Workflow step for configuration of microscopy image metadata.

Metadata available from the microscope image files is often incomplete, either because the format is not fully supported by the Bio-Formats library or simply because the microscope provides insufficient information in the files. In particular, the relative position of images, required for overview creation, is typically not available from individual image files. The metaconfig step configures metadata extracted from image files in the tmlib.workflow.metaextract step and tries to obtain any missing information from microscope-specific metadata files or user input.

This is achieved via microscope-specific implementations of MetadataReader and MetadataHandler in a separate module of tmlib.workflow.metaconfig. The name given to the module determines the microscope type, e.g. tmlib.workflow.metaconfig.cellvoyager is the module for the cellvoyager microscope type.

To make the micorscope type available for usage add its name (name of the implemented module) to SUPPORTED_MICROSCOPE_TYPES.

tmlib.workflow.metaconfig.get_microscope_type_regex(microscope_type, as_string=False)

Gets regular expression patterns for the identification of microscope image files and microscope metadata files for a given microscope_type.

Parameters:

microscope_type: str

microscope type

as_string: bool, optional

whether regex pattern should be returned as strings (default: False)

Returns:

Tuple[_sre.SRE_Pattern or str]

regex pattern for image and metadata files

tmlib.workflow.metaconfig.import_microscope_type_module(microscope_type)

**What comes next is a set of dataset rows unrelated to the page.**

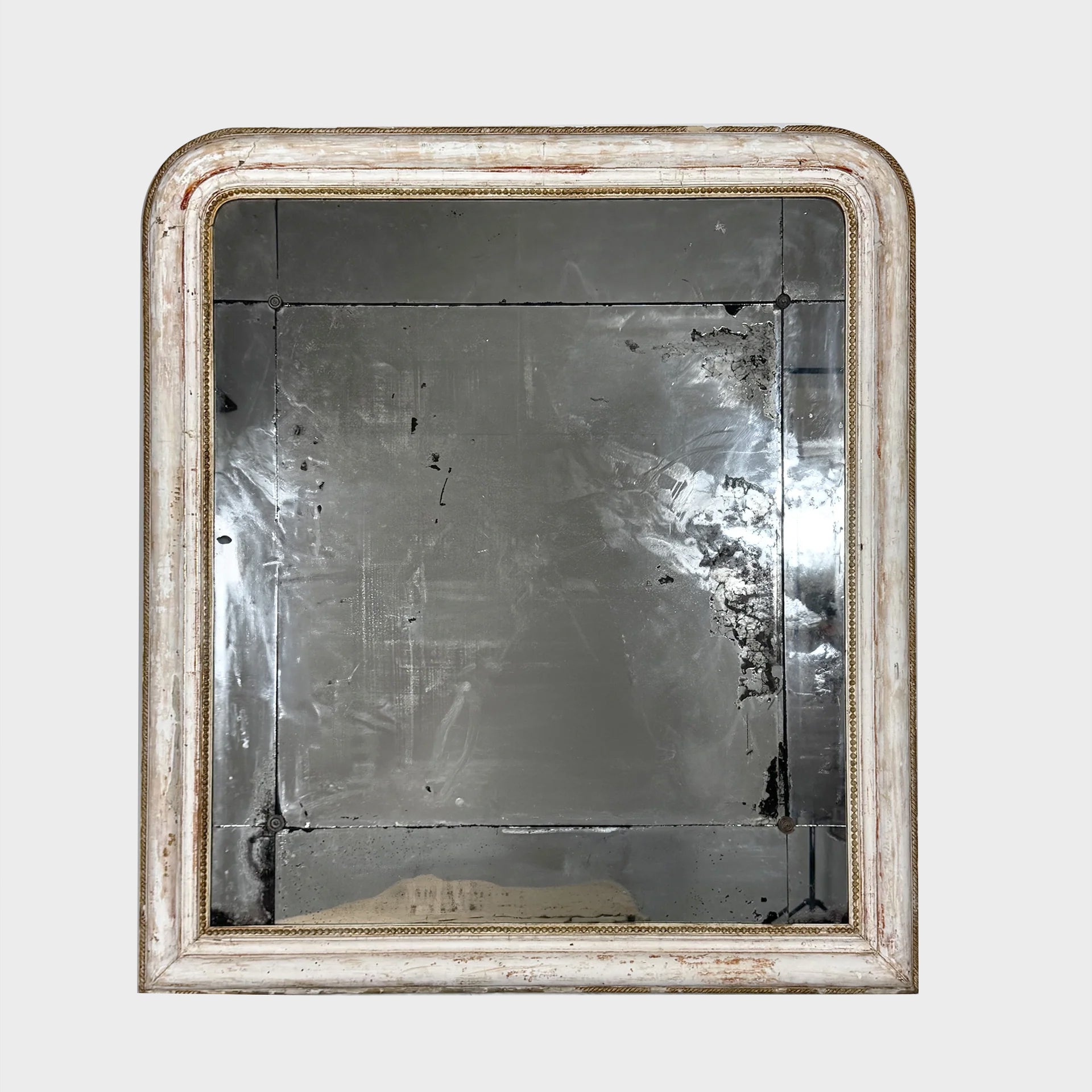 A beautifully distressed 19thC French mirror with unusual sectional glass
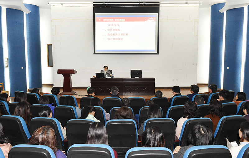 曹雪虹副书记从第三次党代会概况、党委工作报告主要精神及如何学习贯彻落实第三次党代会精神三个方面展开宣讲,她深入浅出地介绍了校第三次党代会的要点、内涵,总结回顾了过去五年学校各项事业发展所取得的成绩,分析了当前学校面临的形势,明确了未来发展目标、思路及今后一段时期的主要任务,阐释了如何全面加强党的建设。她指出,要通过认真学习党代会报告,深刻领会学校第三次党代会的主题,深刻领会立德树人的根本任务和推进学校高质量发展的核心目标,深刻领会今后学校发展的三个阶段部署安排、两个坚持、三大改革和六个高质量发展和六项主要工作任务,深刻领会全面加强党的领导和党的建设的新要求和新任务。
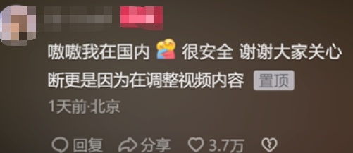 3月23日,记者又查看上述网红的社交账号,发现这些“被失联”的网红博主们的IP大多都已显示在国内,部分博主还更新了“报平安”的视频。

Imports the module for an implemented microscope_type.

Parameters:

microscope_type: str

microscope type

Returns:

module

loaded module instance

Raises:

ValueError

when microscope_type is not known

tmlib.workflow.metaconfig.metadata_handler_factory(microscope_type)

Gets the microscope_type-specific implementation of tmlib.workflow.metaconfig.base.MetadataHandler.

Parameters:

microscope_type: str

microscope type

Returns:

classobj

Raises:

AttributeError

when the miroscope_type-specific module does not implement a handler class

tmlib.workflow.metaconfig.metadata_reader_factory(microscope_type)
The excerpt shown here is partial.